For example, when the battery pack is left for a preset period of time, the voltages at both ends of the battery pack recorded by the BMS system may be read, and the voltages at both ends may be used as the target open circuit voltage. Wherein the target open circuit voltage may be expressed as V ₁ 。

Step S203, determining a voltage change rate according to the initial open circuit voltage, the target open circuit voltage and the preset duration.

In the embodiment of the application, when the sum of the initial open-circuit voltage and the template open-circuit voltage of the battery pack in the standing process is obtained, the voltage change rate can be determined according to the initial open-circuit voltage, the target open-circuit voltage and the preset time.

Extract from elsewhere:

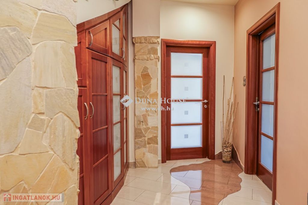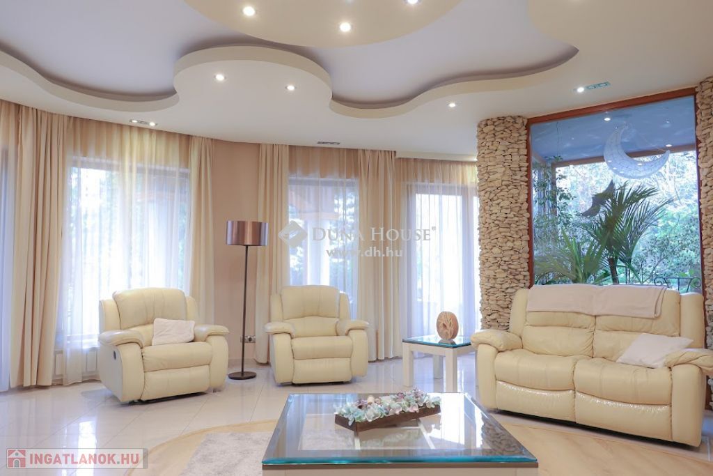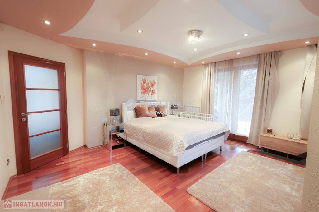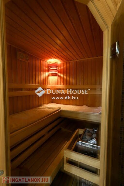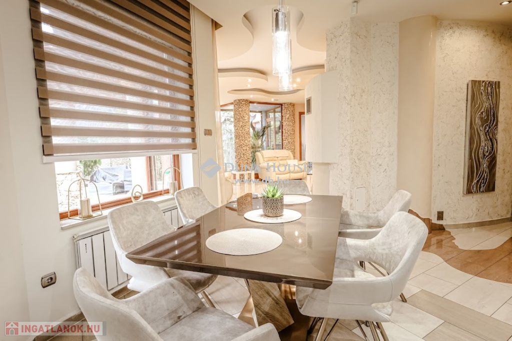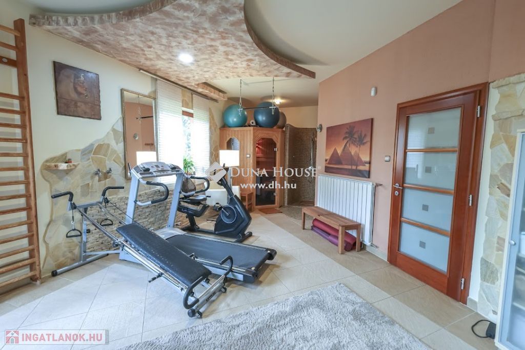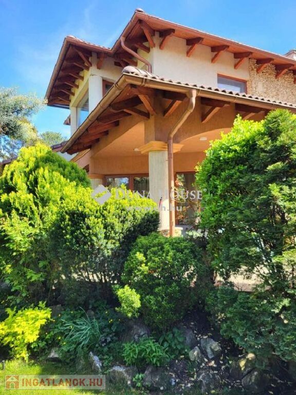 Kert jellemzői: Egyedi növények, örökzöldek , sziklakert, 2,5 méter mély kerti tó található. Bontott téglából 2,70 m magas kerítés a ház körül. Elektromos nagykapu az udvaron 5-6 autó kényelmesen parkolhat, garázsban 2 autó. Sütögető bontott téglából kialakítva, tágas 20 m2-es fedett terasz teszi kényelmessé a pihenést ami az intim kertre néz. Jakuzzi mellett helyet kapott egy tusoló is.

According to the embodiment, the initial open-circuit voltage of the battery pack at the end of discharging the load equipment and the target open-circuit voltage of the battery pack at the end of standing for the preset time period are obtained, so that the voltage change rate of the battery pack at the end of discharging for the preset time period can be determined according to the initial open-circuit voltage, the target open-circuit voltage and the preset time period.

Referring to fig. 4, fig. 4 is a schematic flowchart of a substep of determining a voltage change rate according to an embodiment of the present application, where determining the voltage change rate in step S203 may include the following steps S2031 and S2032.

Step S2031, determining an open circuit voltage difference according to a difference between the target open circuit voltage and the initial open circuit voltage.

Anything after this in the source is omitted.